Problem statement:
Return all the lines below exactly as written. Drop every picture.

Exercise data:
========================================================================

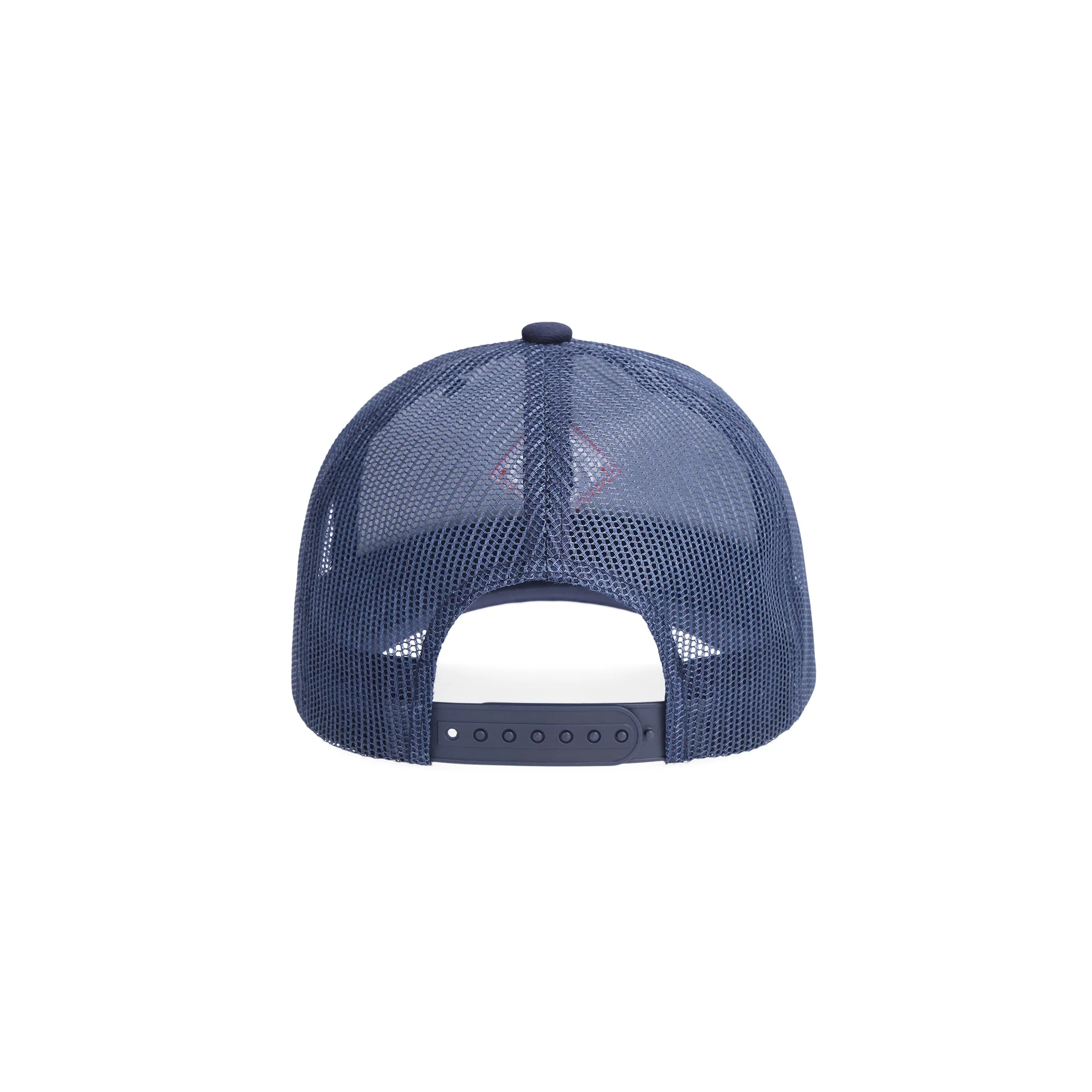 5-panel konstruksjon med mesh-panel og brem med bøy. One Size med justering av passform med snapback. Brodert logo i front.
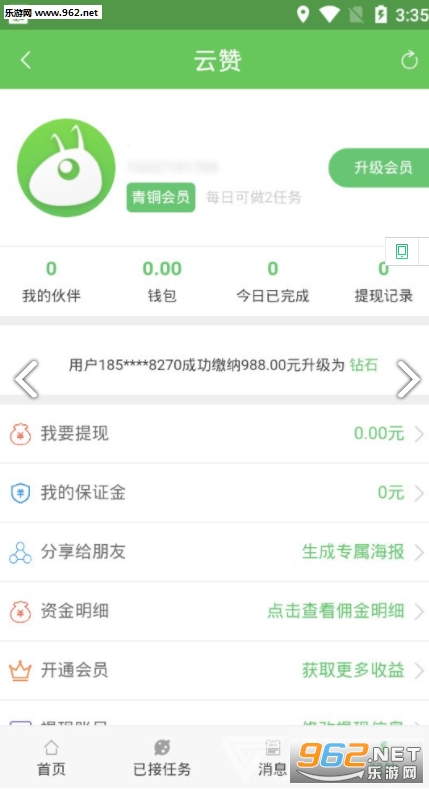 (1)注册即成为青铜会员保证金0.00元可收取使命数量:2条。
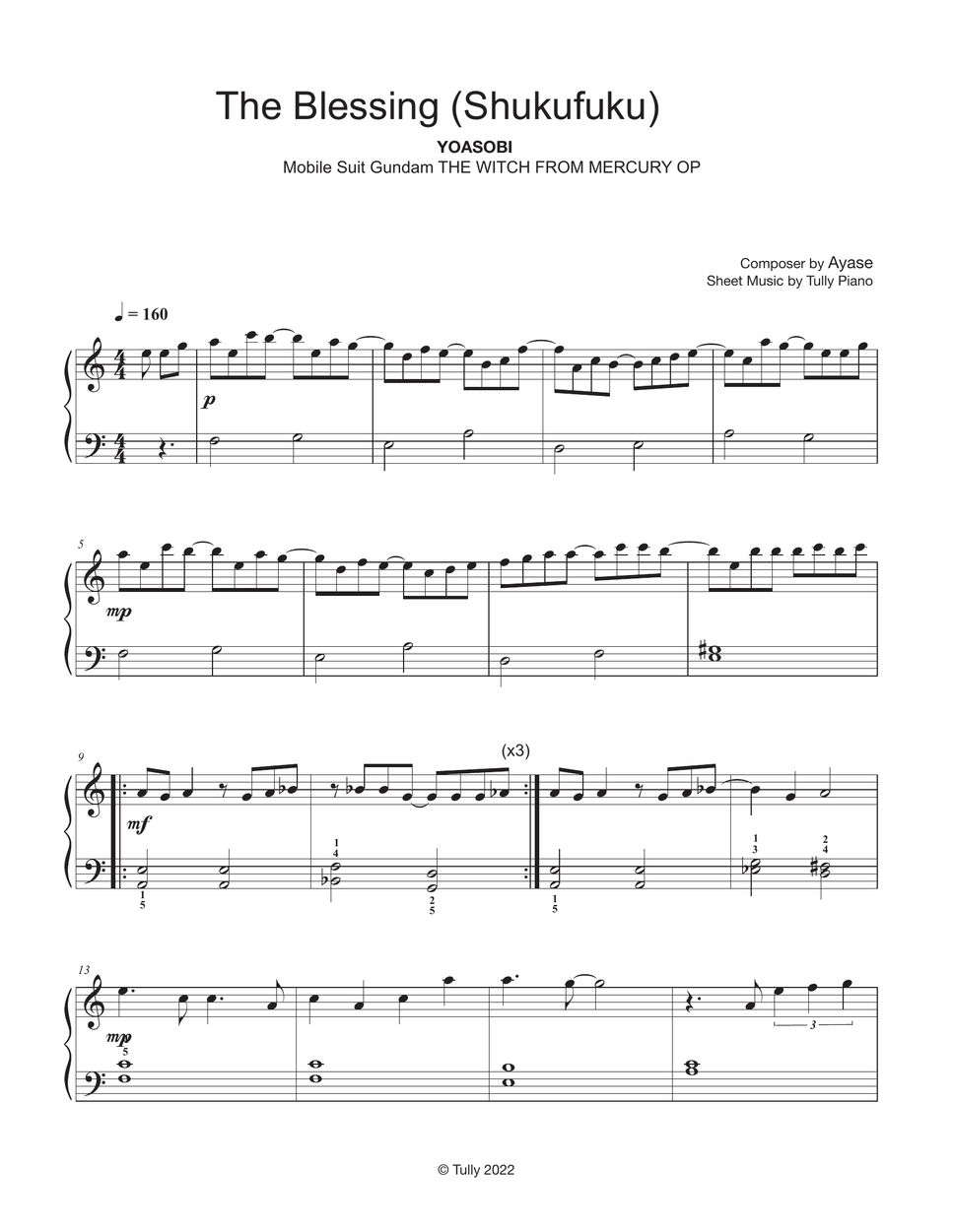 YOASOBI The Blessing (Shukufuku)「祝福」 (Easy ver.) Sheet by Tully Piano

========================================================================

Solution:
 5-panel konstruksjon med mesh-panel og brem med bøy. One Size med justering av passform med snapback. Brodert logo i front.
 (1)注册即成为青铜会员保证金0.00元可收取使命数量:2条。
 YOASOBI The Blessing (Shukufuku)「祝福」 (Easy ver.) Sheet by Tully Piano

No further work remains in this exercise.